Carl Ferdinand von Stumm-Halberg (1836–1901), Stahlmagnat und freikonservativer Reichstagsabgeordneter, war einer der einflussreichsten Industriellen des Kaiserreichs. In dieser Auswahl aus Reden an seine Arbeiter um 1889 lehnt er die Bildung von Gewerkschaften entschieden ab und besteht auf seinem unternehmerischen Recht, als Patriarch die Arbeitnehmer auch privat zu maßregeln, um christliche Werte und bürgerliche Ordnung sicherzustellen.

Carl Ferdinand von Stumm-Halberg, Ansprachen an seine Angestellten (ca. 1889)
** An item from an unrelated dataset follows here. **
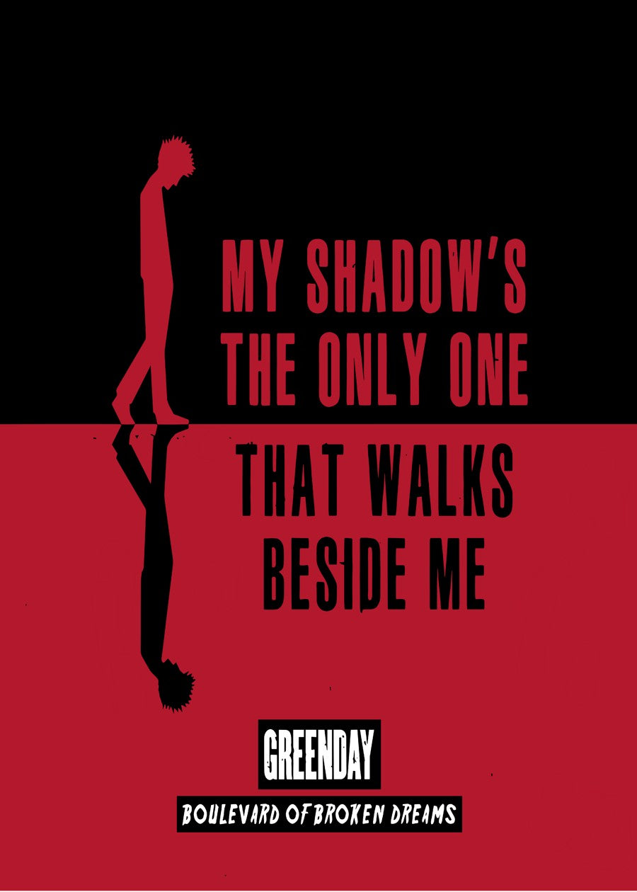 A moody, introspective design referencing Green Day’s song “Boulevard of Broken Dreams,” with a solitary figure and its shadow.

  • Carl Ferdinand von Stumm-Halberg

Quelle

[] Ich denke, wir alle werden, wie bisher, so auch für die Zukunft zeigen, daß im „Königreich Stumm“, wie unsere Gegner spöttisch unser Gemeinwesen nennen, nur ein Wille regiert, und das ist der Wille Seiner Majestät des Königs von Preußen. [] Überall, wohin wir sehen, wird die Autorität aufrechterhalten, nötigenfalls durch Strafen gegenüber denjenigen, die sich der notwendigen Autorität nicht fügen. Von der Armee will ich hier gar nicht sprechen. Es wird vielfach behauptet, eine Analogie zwischen den Betrieben und der Armee bestehe nicht. Ich behaupte das Gegenteil. [] In beiden Fällen ist, wenn Erfolge erzielt werden sollen, die Disziplin eine ganz unvermeidliche Voraussetzung. [] Wenn ein Fabrikunternehmen gedeihen soll, so muß es militärisch, nicht parlamentarisch organisiert sein. [] Wie der Soldatenstand alle Angehörigen des Heeres vom Feldmarschall bis zum jüngsten Rekruten umfaßt, und alle gemeinsam gegen den Feind ziehen, wenn ihr König sie ruft, so stehen die Angehörigen des Neunkircher Werkes wie ein Mann zusammen, wenn es gilt, die Konkurrenz sowohl wie die finsteren Mächte des Umsturzes zu bekämpfen. Bleiben wir siegreich, so ist dies zu unser aller Nutzen; unterliegen wir, so haben wir alle den Schaden davon, und Ihr sicherlich weit mehr noch als ich. Zum Siege ist aber bei uns wie in der Armee die strenge Aufrechterhaltung der Disziplin unerläßlich, welche hier wie dort mit treuer Kameradschaft nicht bloß verträglich ist, sondern geradezu deren Unterlage bildet.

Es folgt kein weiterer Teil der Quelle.